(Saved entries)
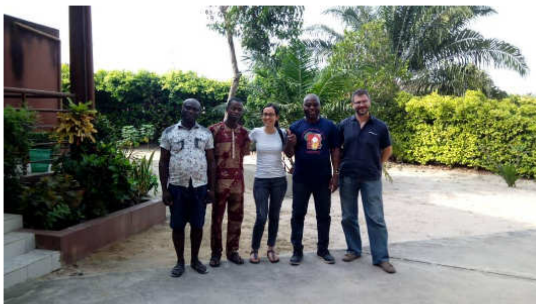
Réunion conjointe Fraiche Rosée/ I Bambini dell'Africa ONLUS et A.MI.CO
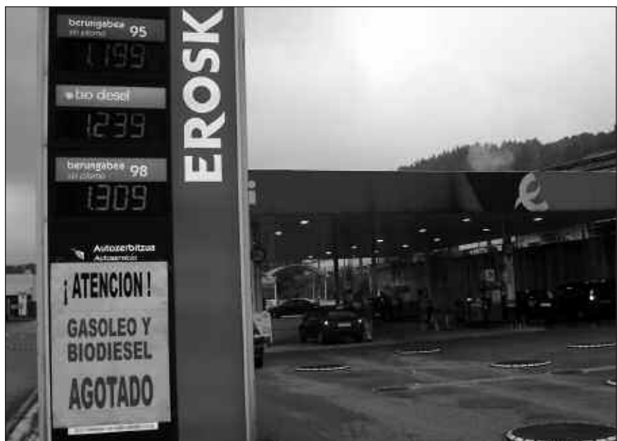
ASTELEHEN ARRATSALDEAN JARRI ZUTEN TXARTEL HAU URBILEN, KASTELLANAZ...

Igande gauerdian hasi zen garraiolarien grebaren eragina handik gutxira nabaritzen hasi zen. Bereziki, irudian agertzen den bezala, hainbat gasolindegietan. Urbil merkatalgunekoan esaterako, 98 zenbakidun berunik gabekoa izan ezik, postu guztietako gasolina amaitu zen astelehen arratsalderako. Ibilgailu mugimendua bazez inguru hartan, baina gasolindegi hartara joateko egindako ahalegina alferrikakoa zen. Askok buelta eman eta beste norabait joan behar izan zuten. Irudi bera errepikatu zen beste hainbat lekutan ere. Greba luzea eta gogorra izango dela iragartzen zuten.
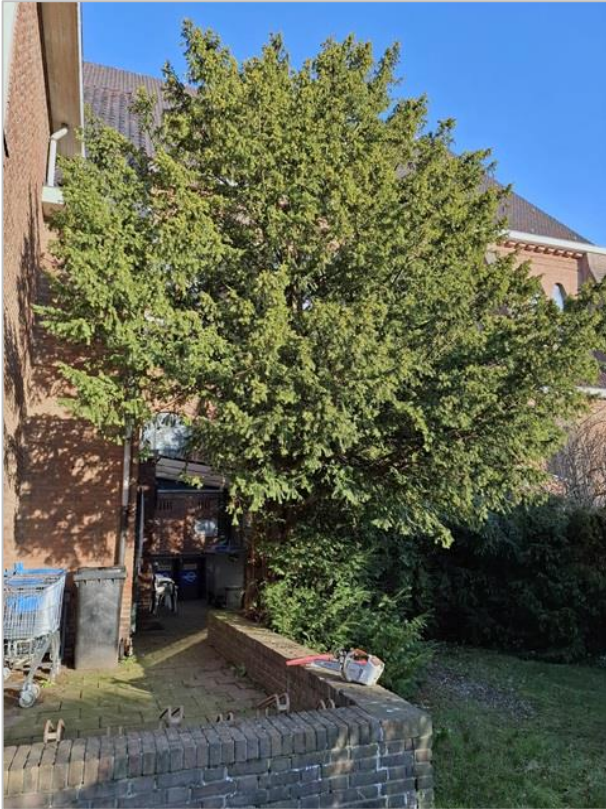
De oude situatie

Na jaren intern overleg is het er dan toch van gekomen... de boom waarvan de wortels onder meer de riolering van het toilet bij de pastoriekeuken beschadigd hebben, is op woensdag 5 maart gekapt en de boomstronk uitgegraven. Er zitten nog wel hier en daar kleine wortels in de grond onder het bordes maar die groeien nu niet meer verder.
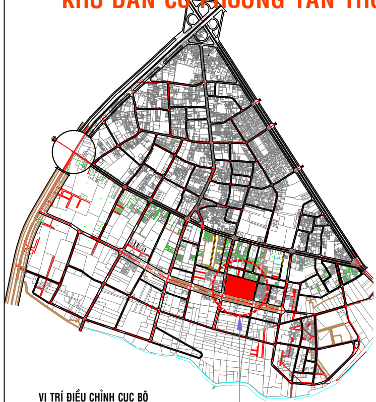
VỊ TRÍ ĐIỀU CHỈNH CỤC BỘ
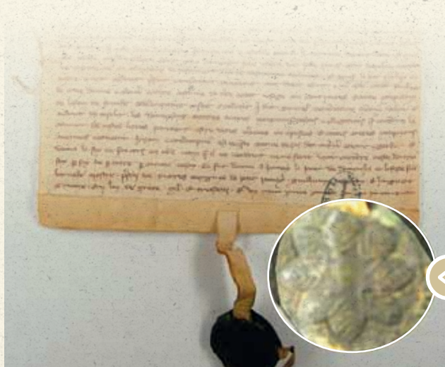
En médaillon, le blason original
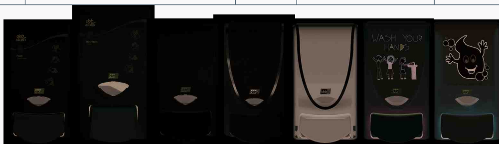
WRM1LDSSTH WRM2LDPSTH WHB1LDS CHR1LDS PR000BLKCR WYH1LDS MSS1LDS
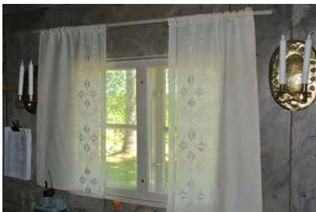
Kyrkgardiner. Det är inte ofta man ser gardiner i en kyrka. Enligt guiden så hade gardinerna hängt där i cirka 50 år.
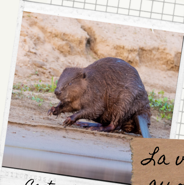
Castor d'Europe) (Castor fiber)
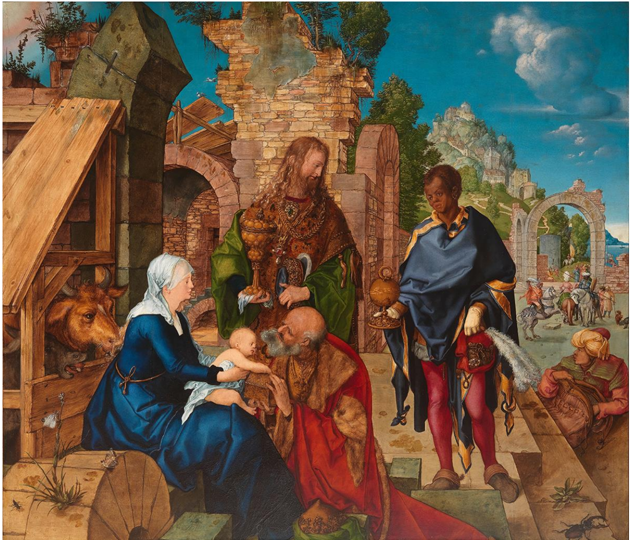
Albrecht Dürer Anbetung der Könige, 1504 Adorado de la reôj Öl auf Holz Oleo sur lino Florenz, Gallerie degli Uffizi
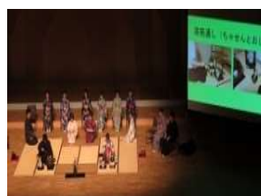
茶道部 お点前披露
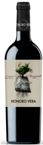
Honoro Vera (Ecológic) Orgànic Monastrell
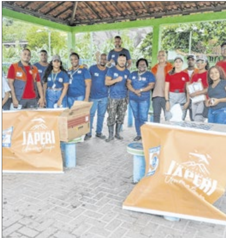
Inauguração do núcleo será no próximo sábado (14)
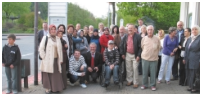
Wir wollen uns
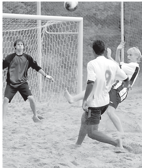
В пляжный футбол по традиции играют босиком.

В июне петербургская команда привезла из Италии победу на соревнованиях «Euro Winners Cup». Полтавченко поздравил команду с успешным выступлением и
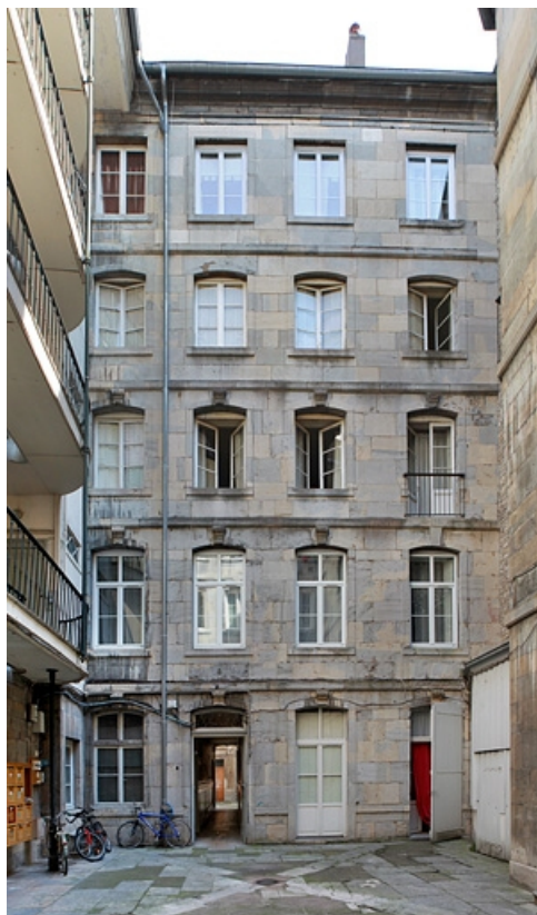
Première cour : façade antérieure du premier logis secondaire, de face. 25, Besançon Grande Rue 79, lieudit : îlot Saint-Pierre

_Exercise details:_ A verbatim copy of the entries, stripped of pictures, should be produced.

_Solution to the exercise:_
Réunion conjointe Fraiche Rosée/ I Bambini dell'Africa ONLUS et A.MI.CO
ASTELEHEN ARRATSALDEAN JARRI ZUTEN TXARTEL HAU URBILEN, KASTELLANAZ...

Igande gauerdian hasi zen garraiolarien grebaren eragina handik gutxira nabaritzen hasi zen. Bereziki, irudian agertzen den bezala, hainbat gasolindegietan. Urbil merkatalgunekoan esaterako, 98 zenbakidun berunik gabekoa izan ezik, postu guztietako gasolina amaitu zen astelehen arratsalderako. Ibilgailu mugimendua bazez inguru hartan, baina gasolindegi hartara joateko egindako ahalegina alferrikakoa zen. Askok buelta eman eta beste norabait joan behar izan zuten. Irudi bera errepikatu zen beste hainbat lekutan ere. Greba luzea eta gogorra izango dela iragartzen zuten.
De oude situatie

Na jaren intern overleg is het er dan toch van gekomen... de boom waarvan de wortels onder meer de riolering van het toilet bij de pastoriekeuken beschadigd hebben, is op woensdag 5 maart gekapt en de boomstronk uitgegraven. Er zitten nog wel hier en daar kleine wortels in de grond onder het bordes maar die groeien nu niet meer verder.
VỊ TRÍ ĐIỀU CHỈNH CỤC BỘ
En médaillon, le blason original
WRM1LDSSTH WRM2LDPSTH WHB1LDS CHR1LDS PR000BLKCR WYH1LDS MSS1LDS
Kyrkgardiner. Det är inte ofta man ser gardiner i en kyrka. Enligt guiden så hade gardinerna hängt där i cirka 50 år.
Castor d'Europe) (Castor fiber)
Albrecht Dürer Anbetung der Könige, 1504 Adorado de la reôj Öl auf Holz Oleo sur lino Florenz, Gallerie degli Uffizi
茶道部 お点前披露
Honoro Vera (Ecológic) Orgànic Monastrell
Inauguração do núcleo será no próximo sábado (14)
Wir wollen uns
В пляжный футбол по традиции играют босиком.

В июне петербургская команда привезла из Италии победу на соревнованиях «Euro Winners Cup». Полтавченко поздравил команду с успешным выступлением и
Première cour : façade antérieure du premier logis secondaire, de face. 25, Besançon Grande Rue 79, lieudit : îlot Saint-Pierre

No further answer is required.